Paternity leave ensures that fathers have the option take on childcare duties in order to allow the mother to return to work. However, while the right to paternity leave is increasing, there are some major discrepancies in leave periods. For instance, in Kenya, maternity leave is for a minimum of 90 calendar days with full pay, while paternity leave is just two weeks. This gap is quite detrimental to workplace equity, as in many cases it still forces female employees to choose between work and childcare.


Retaining female talent is key to ensuring diversity in law firms.

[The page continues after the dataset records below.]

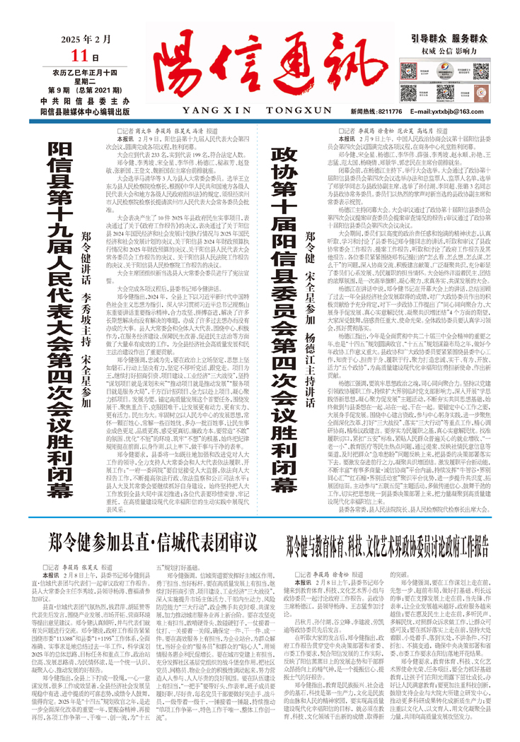 政协第十届阳信县委员会第四次会议胜利闭幕 郑令健 宋全星参加 杨德江主持讲话
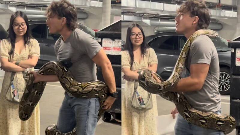 洛杉磯一處公寓大樓附近,住戶驚見一條長約6公尺(20英尺)的巨蟒在垃圾桶中出沒,嚇得不知所措。24歲的爬蟲類馴獸師瑟夫·哈特(Joseph Hart)徒手攀入垃圾桶,冷靜捕獲這條巨蛇。
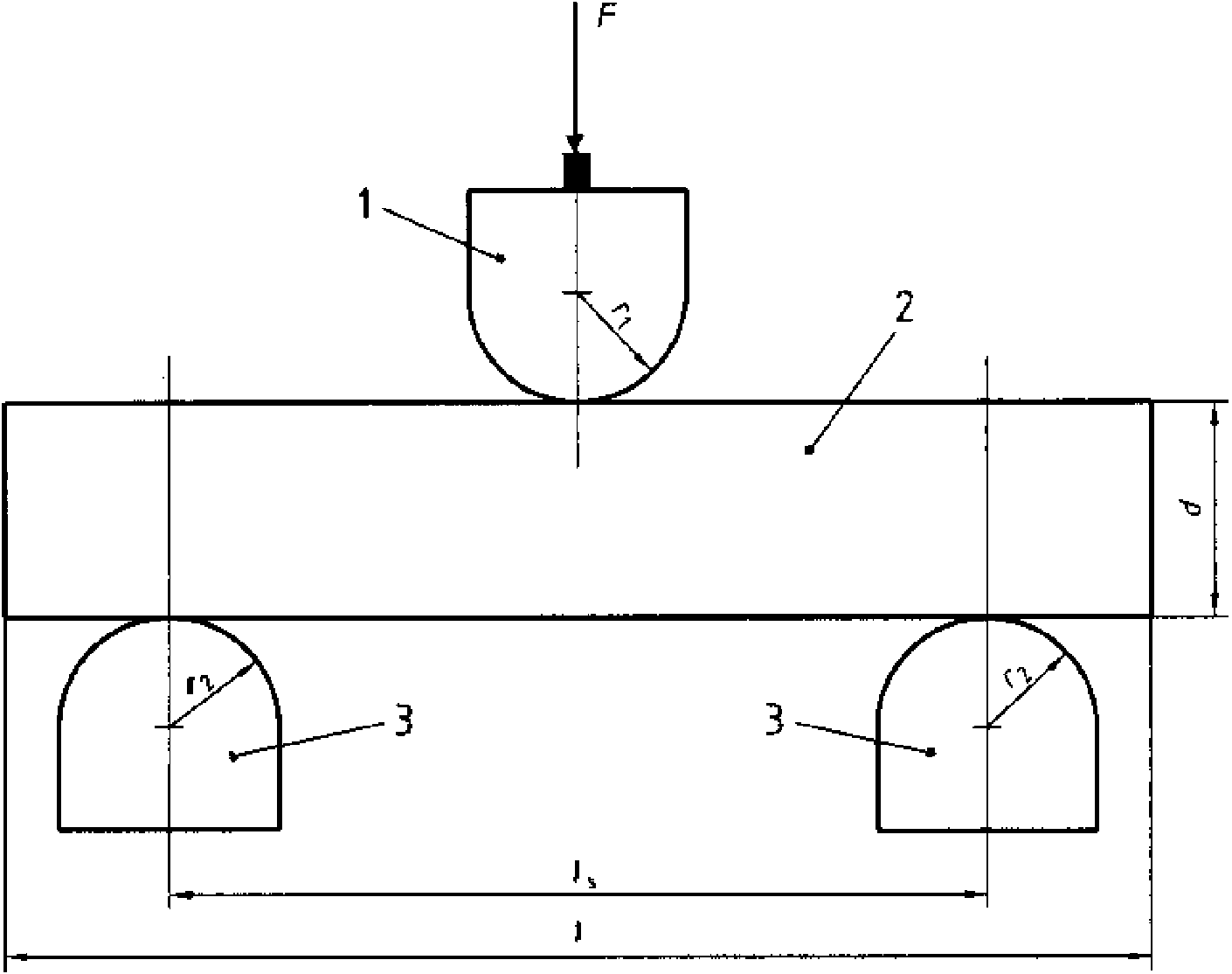 Прочность на изгиб/сдвиг измеряют трехточечным методом. Образец помещают на две опоры и прикладывают силу к середине образца до его разрушения.
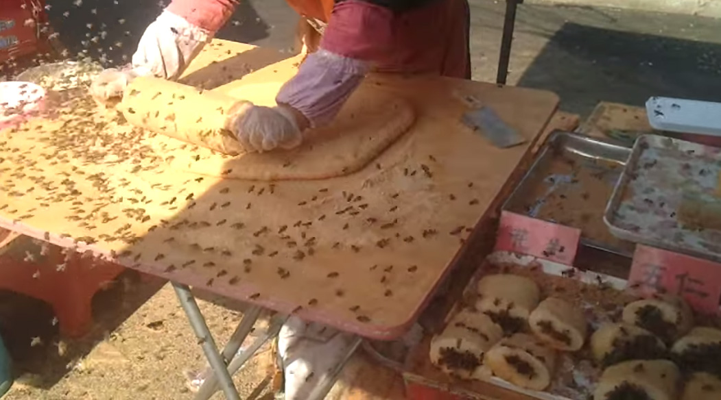 一位外國人來到了中國,看到了這不可思議的一幕。一群蜜蜂就這樣圍繞在一個賣麻糬的路邊攤,不知道是旁觀還是…
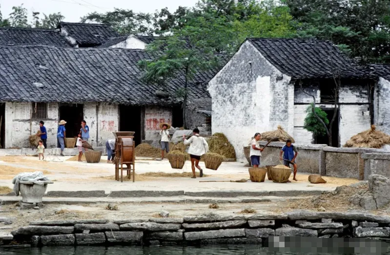 村民们正忙着收稻子,有的在扫,有的在装筐,河边还有个大哥跳进水里在洗脚,估计是干活热了,
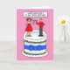 Ein Cartoon männlicher und weiblicher Zwillinge, stehend auf einem Riesenkuchen, der Cocktails trinkt. Die Frau ist Sprichwort 'Glücklicher Geburtstag zu meinem Zwillingsbruder'.
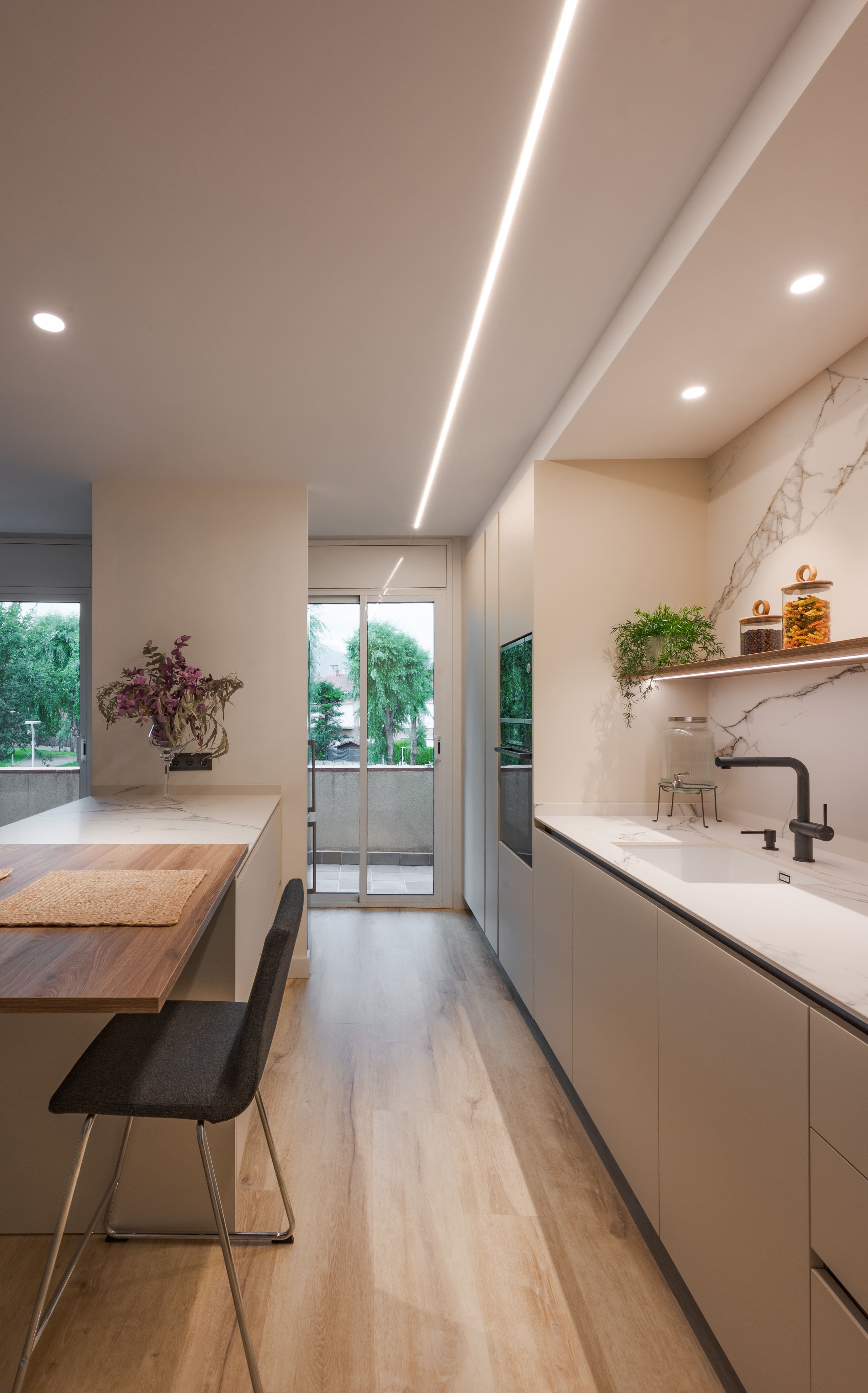 Treballar aquests espais amb mobles a mida, electrodomèstics integrats i una distribució eficient pot marcar una gran diferència. També hi afegim detalls estètics que aportin calidesa: rajoles amb textura, aixetes especials, colors cuidats.
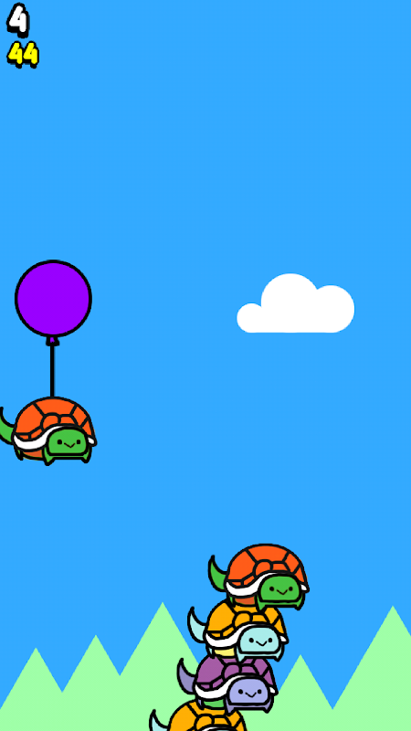 Turtles are falling from the sky! Tap to cut the rope off their balloons and stack them on the turtle tower. Stack turtles higher and higher to reach the heavens! As you progress, new turtles will join your cause. Check out their turtle cards in the collection and choose the strongest turtles that you have rescued to serve as the base of your tower!
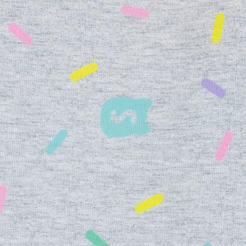 The gray bottoms feature a sweet pattern of colorful sprinkles with purple cuffs for extra coziness
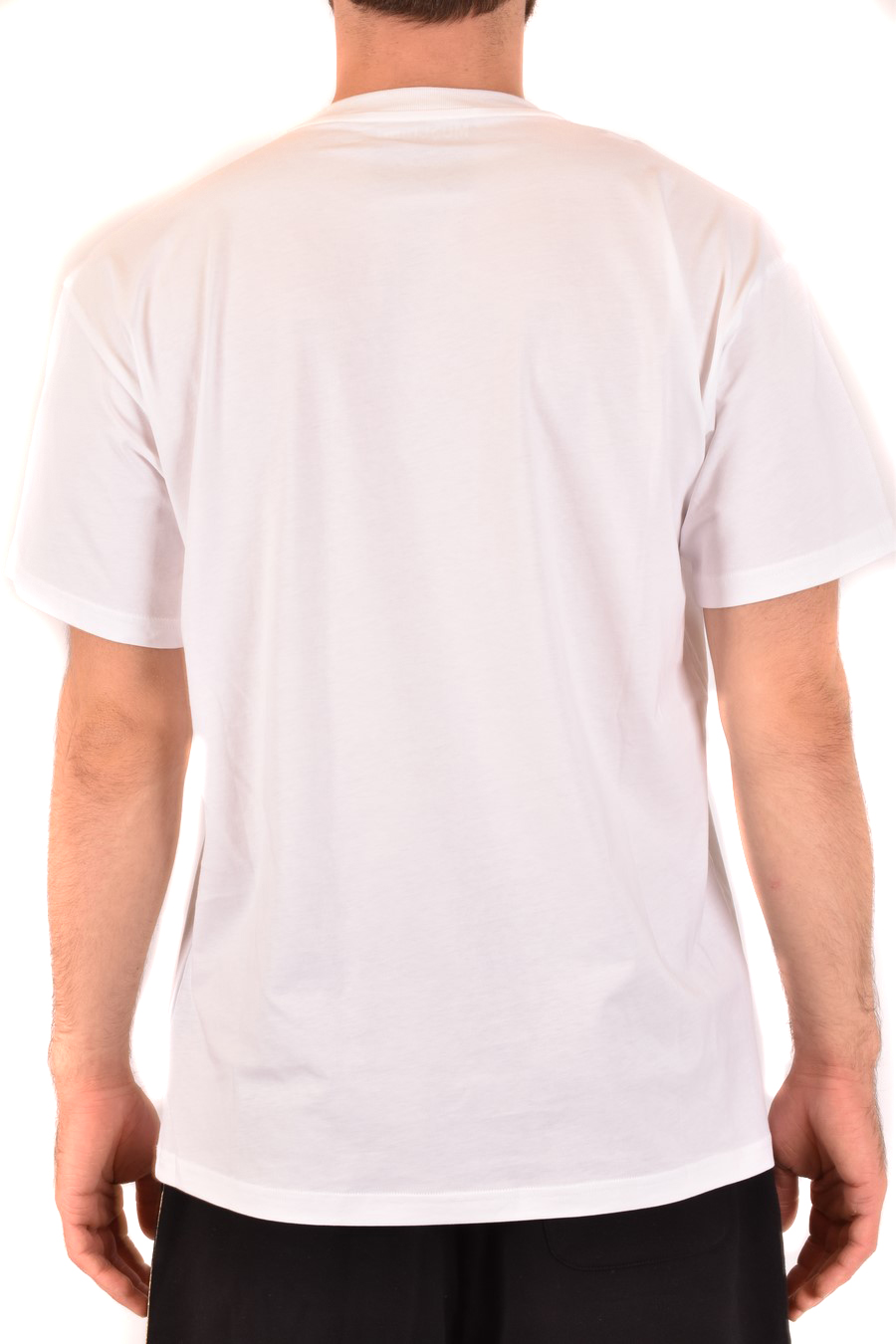 white cotton t-shirt from Moschino featuring round neck, short sleeves, patch gold-tone logo at the front, straight hem
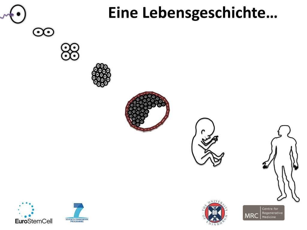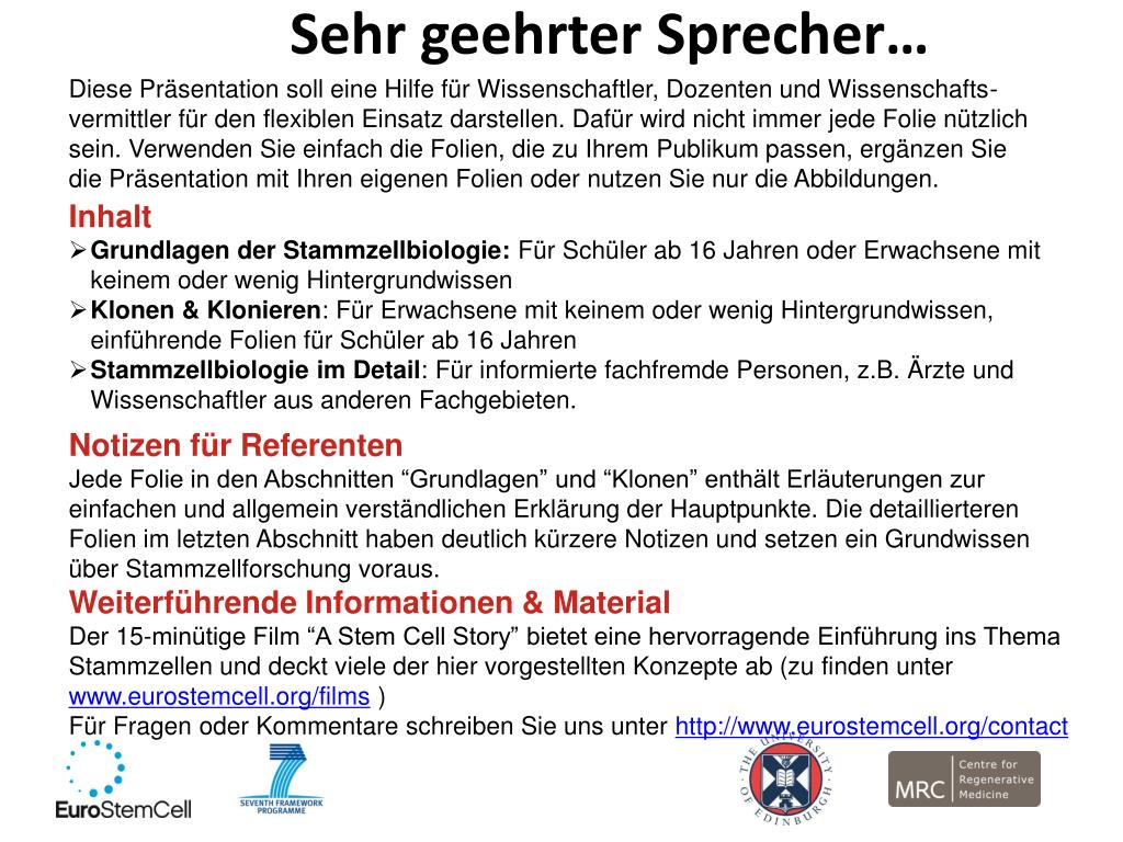 Sehr geehrter Sprecher… Diese Präsentation soll eine Hilfe für Wissenschaftler, Dozenten und Wissenschafts-vermittler für den flexiblen Einsatz darstellen. Dafür wird nicht immer jede Folie nützlich sein. Verwenden Sie einfach die Folien, die zu Ihrem Publikum passen, ergänzen Sie die Präsentation mit Ihren eigenen Folien oder nutzen Sie nur die Abbildungen. Inhalt • Grundlagen der Stammzellbiologie: Für Schüler ab 16 Jahren oder Erwachsene mit keinem oder wenig Hintergrundwissen • Klonen & Klonieren: Für Erwachsene mit keinem oder wenig Hintergrundwissen, einführende Folien für Schüler ab 16 Jahren • Stammzellbiologie im Detail: Für informierte fachfremde Personen, z.B. Ärzte und Wissenschaftler aus anderen Fachgebieten. Notizen für Referenten Jede Folie in den Abschnitten “Grundlagen” und “Klonen” enthält Erläuterungen zur einfachen und allgemein verständlichen Erklärung der Hauptpunkte. Die detaillierteren Folien im letzten Abschnitt haben deutlich kürzere Notizen und setzen ein Grundwissen über Stammzellforschung voraus. Weiterführende Informationen & Material Der 15-minütige Film “A Stem Cell Story” bietet eine hervorragende Einführung ins Thema Stammzellen und deckt viele der hier vorgestellten Konzepte ab (zu finden unter www.eurostemcell.org/films ) Für Fragen oder Kommentare schreiben Sie uns unter http://www.eurostemcell.org/contact

Barriers to retention must be addressed through deliberate efforts including firm policies, guidelines and initiatives that empower women to remain at work.


[1] Leopard Solutions, Women Leaving the Law (2022) www.leopardsolutions.com/wp-content/uploads/Women-Leaving-Law-Final.pdf accessed 20 August 2023.

[2] IBA Women Lawyer’s Committee Mentorship Toolkit (September 2022) www.ibanet.org/unit/Section+on+Public+and+Professional+Interest/committee/Women+Lawyers%27+Committee/3117 accessed 20 August 2023.

[3] United Nations, ‘International Equal Pay Day 18 September’ www.un.org/en/observances/equal-pay-day accessed 20 August 2023.

[4] Gapsquare, Closing the gender pay gap in the legal profession (thenext100years.co.uk, June 2022) https://next100years.org.uk/wp-content/uploads/2022/06/1317_Next_100_Years_GSQ_Report_20_6_22_V3.pdf accessed 20 August 2023.

[5] Laura Addati, Umberto Cattaneo and Emanuela Pozzan, Care at Work: Investing in care leave and services for a more gender equal world of work (ILO, March 2022) www.ilo.org/global/topics/care-economy/WCMS_838653/lang--en/index.htm accessed 20 August 2023.